Esther’s Space- journey through my life

March 31, 2008

If the world was a perfect place, I would eloquently argue…

Filed under: ENG 576: Literature in the Information Age — estherspace @ 12:06 am

That’s kind of as far as my eloquence goes in terms of articulating what I want to will write about. So, as far as it can be organized, here is what I have:

Topic: urban fiction

The premise I’m beginning with: The genre of urban fiction (or any of its alternate titles) is hugely popular among a very specific audience, and, for lack of better language, I would describe the audience as not ‘white-‘ or ‘mainstream ideals-‘ identified. There is evidence of both habitual readers and generally reluctant readers reading this genre, voraciously, and, while an urban novel might draw a reader into the habit of reading, it generally does not lead the reader into other genres, though he/she might begin reading much more often, selecting from the urban fiction genre.
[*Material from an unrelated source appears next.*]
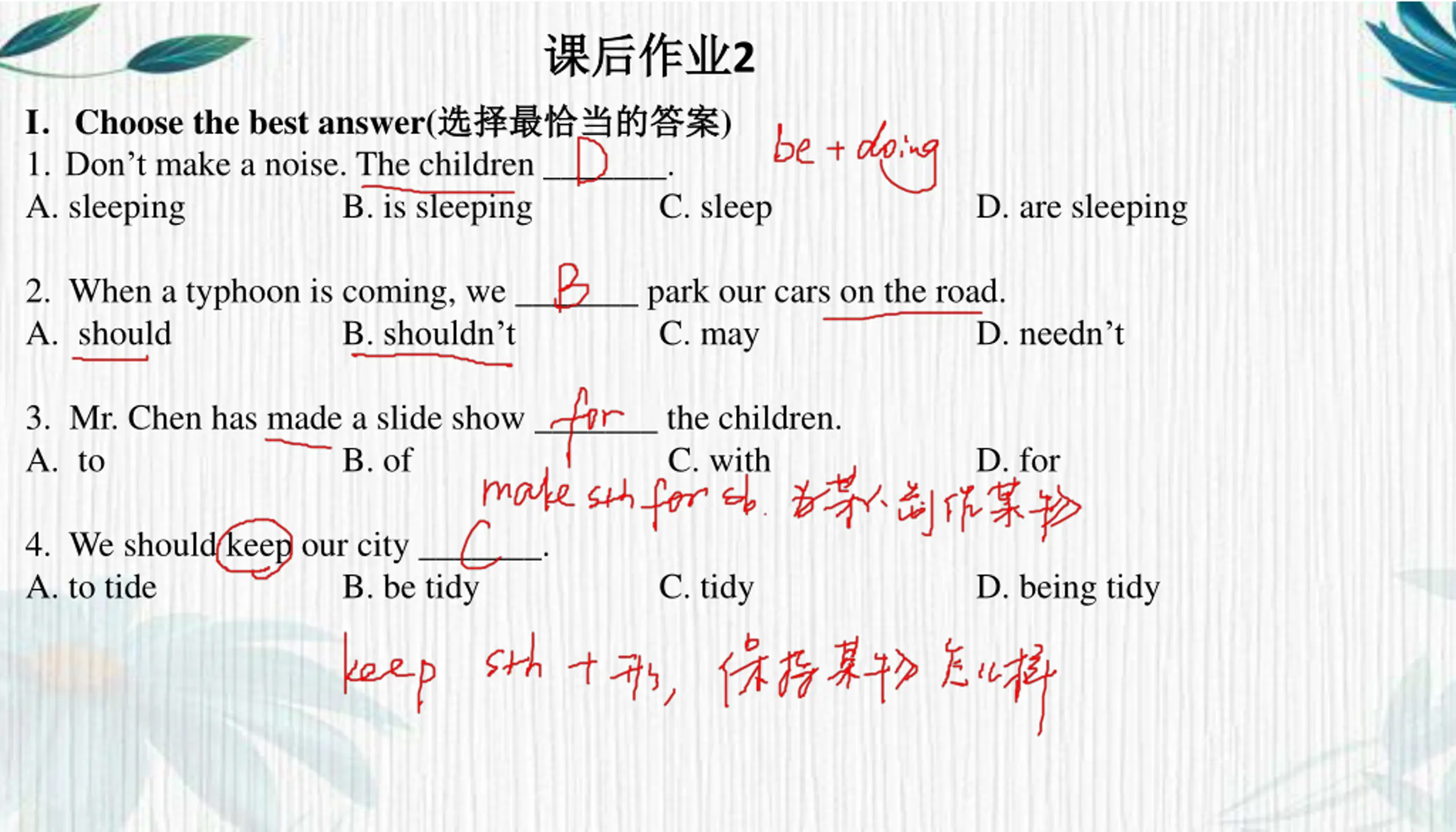 2 I Choose the best answer( 1. Don t make a noise. The children _______. A. sleeping B. is sleeping ) C. sleep D. are sleeping 2. When a typhoon is coming, we _______ park our cars on the road. A. should B. shouldn t C. may D. needn t 3. Mr. Chen has made a slide show _______ the children. A. to B. of C. with D. for 4. We should keep our city _______. A. to tide B. be tidy C. tidy D. being tidy

The urban novel has been a phenomenon that no one really expected to be as successful as it has been, with lots of money being made, and urban novels beginning to invade and overflow the ‘more respectable’ authors of the African American fiction section in bookstores.

The argument to be made:  What I want to discuss is the ability for this genre to so alienate academia and readers who would be described as white-identified or adhering to the hegemony of a traditional American education system that it (the genre) has created a ‘protected space’ around it, protection from appropriation into the language, conventions, and criticism of the (largely white) academia. This isolation allows the authors and publishers to explore variations on the way stories are written, why they’re written, and who they’re written for, and readers are given the opportunity to (and they do) ‘make meaning’ of the text in ways that would be considered unacceptable in a formal educational setting or environment where such criticism or analysis takes place.

Aspects I’m still working on:  Is it that academia just doesn’t want to appropriate this genre?  Is it the same kind of ‘trash’ that romance novels are, making it superfluous or dismissable in the eyes of those who make such decisions?  Or, now that we have postmodern theory, is it placed on some sort of continuum of literacy and reading and meaning-making that makes it important, in at least some way?

Number two, what is it that protects this genre from academic literary study?  Is it the ‘sex, drugs, and drama’ that the genre is built upon?  But none of those themes are alien to the canon.  Is it the largely urban settings?  Well, I’m pretty sure Dr. Rice has taught classes specifically on ‘the city’ in novels, so that can’t be it.  Is the problem then not with what urban novels have, but instead with what they are missing?  And, how could I suggest what they are missing when there is no handbook outlining the rules of what a novel should be in the year 2008.  Is it all about the fact that the urban novel rarely provides ‘solutions’ to the problems of sex, drugs, or drama, but instead tends to  promote those activities? (alternate moral code)

Number three, language to describe those reading and not reading urban novels.  All ethnicities read and do not read the novels, so what separates the readers and not readers?  From what I’ve gathered (though I’m not sure I could prove much of it), education level, socio-economic status, geographic distance to urban centers, and, to a degree, non-white racial status all tend to inform who reads these novels, but none of these characteristics are exclusive of readers or non-readers.  But, not everyone is reading them, and I’m not sure how to indicate the split.

Major problem I’ve run into:  It’s pretty darn hard to find articles discussing the alienation of academia in academic journals.  I’ve found a bit in education circles discussing the challenges of minorities feeling alienated from the  traditional texts used in classrooms, but not so much of literary scholars discussing their feelings about the urban novel.  I’m afraid that this paper might  require a lot of conjecture, which is certainly a dangerous thing that I’m not willing to do.

Any suggestions or help would be greatly appreciated.